Sony Bravia HX803 3D TV Review

Sony's HX800 Series is a 3D Upgradable Slim Screet

Sony has turned up fashionably late for the 3D TV party, shipping its first wave of 3D screens months after the Samsung UE467000 and Samsung UE55C8000 models broke cover. But there’s no doubt that the iconic Japanese TV brand is arriving with intent. While rival Panasonic offers a single model, the excellent Panasonic TX-P50VT20, Sony has three full ranges, of which the 40 inch HX803 (reviewed here) is its everyman proposition.

Unlike its rivals, this screen isn’t 3D Ready out of the box. You’ll need to spring for an optional TMR-BR100 3D sync transmitter (£50) and TDG-BR100B glasses (£100) before you can start with the eye-boggling.

At just 74mm, the set is pleasingly thin. However, closer inspection reveals commodity build quality. Our review sample frame creaked under pressure and the bottom panel trim did not sit flush with the rest of the frame.

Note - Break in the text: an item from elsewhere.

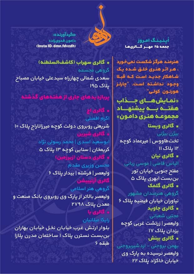 نمایشهای جذاب این هفته به پیشنهاد مجموعه هنری دامون گردآورنده: دامون فدویزاده (Insta ID: dmn.fdvzdh) اشتراکگذاری این: برای اشتراکگذاشتن فیسبوک خود کلیک کنید (در پنجرۀ تازه باز میشود) فیسبوک اشتراک گذاشتن توسط اس ام اس (در پنجرۀ تازه باز میشود) X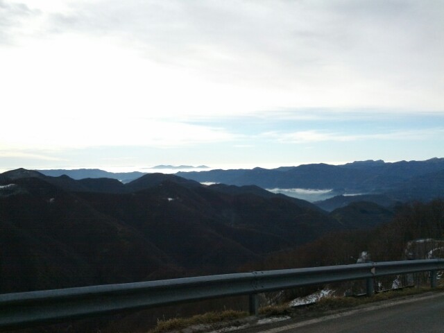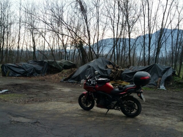 Le montagne di Febbio sono innevate ma le strade si prestano per la moto

Sony Bravia HX803: Features

Inputs are spread across the back panel and sides. There are two Scarts, a pair of HDMIs, one component AV input, PC VGA input, optical digital output and Ethernet. Two extra HDMIs are side-mounted, along with a set of phono AVs and USB.

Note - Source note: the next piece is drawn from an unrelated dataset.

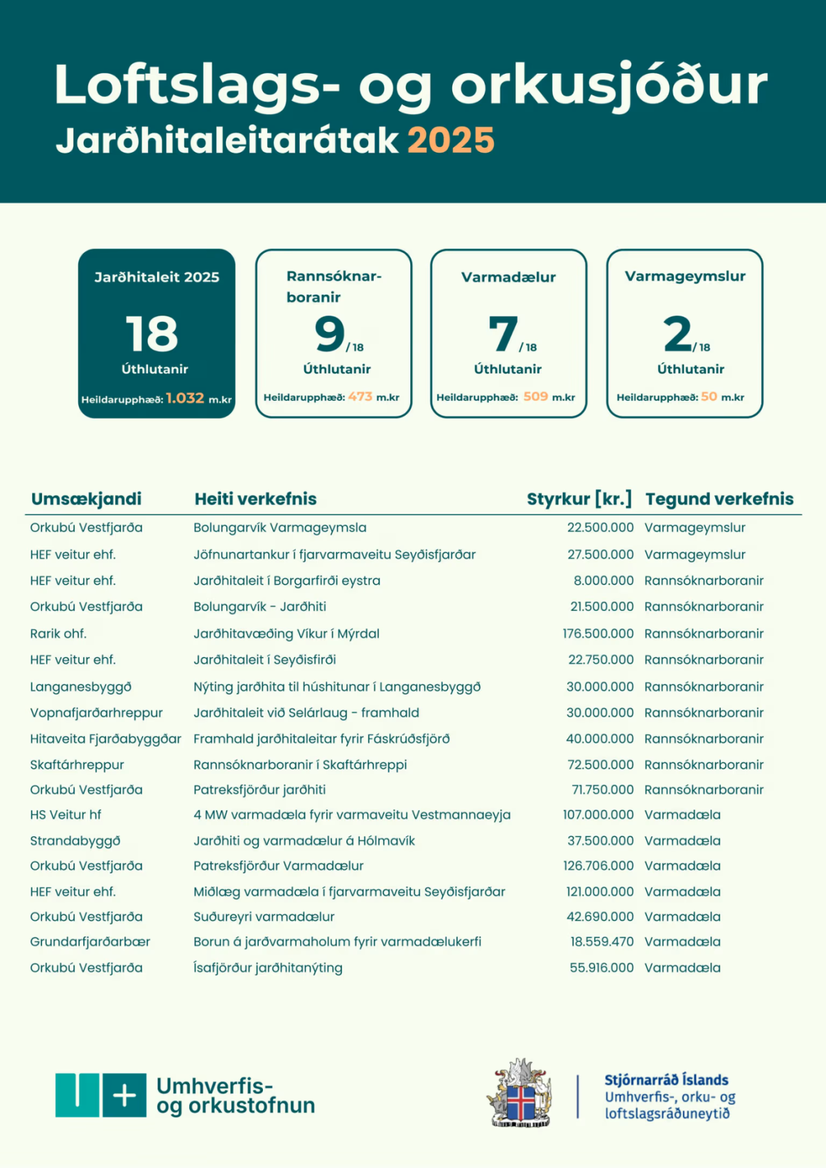 Alls bárust 48 umsóknir í átakið frá sveitarfélögum, orkufyrirtækjum og aðilum í þeirra umboði. Verkefnin voru fjölbreytt en heildarkostnaður verkefna sem sótt var um nam 6.093 m.kr. og sótt var um 4.082 m.kr. í styrki. 18 verkefni hlutu styrk: 8 verkefni sem snúa að jarðhitarannsóknum, 8 verkefni sem tengjast uppsetningu varmadælna og 2 verkefni sem miða að uppbyggingu varmageymslna.

Other than 3D, the set’s claim to fame is networkability. It goes online to Sony’s Bravia internet content portal (home of YouTube, LoveFilm, Eurosport, DailyMotion… plus other stuff I wager you’ll never, ever watch), and can stream media cross your home network...kinda. While the set plays common video file types, including AVIs and MKVs from a USB flash drive, it doesn’t see these same files across a network.

The user interface of this LCD TV is based on the PS3 X-media bar, which is unflashy but easy to use. PS3 users will also be able to play stereoscopic 3D games.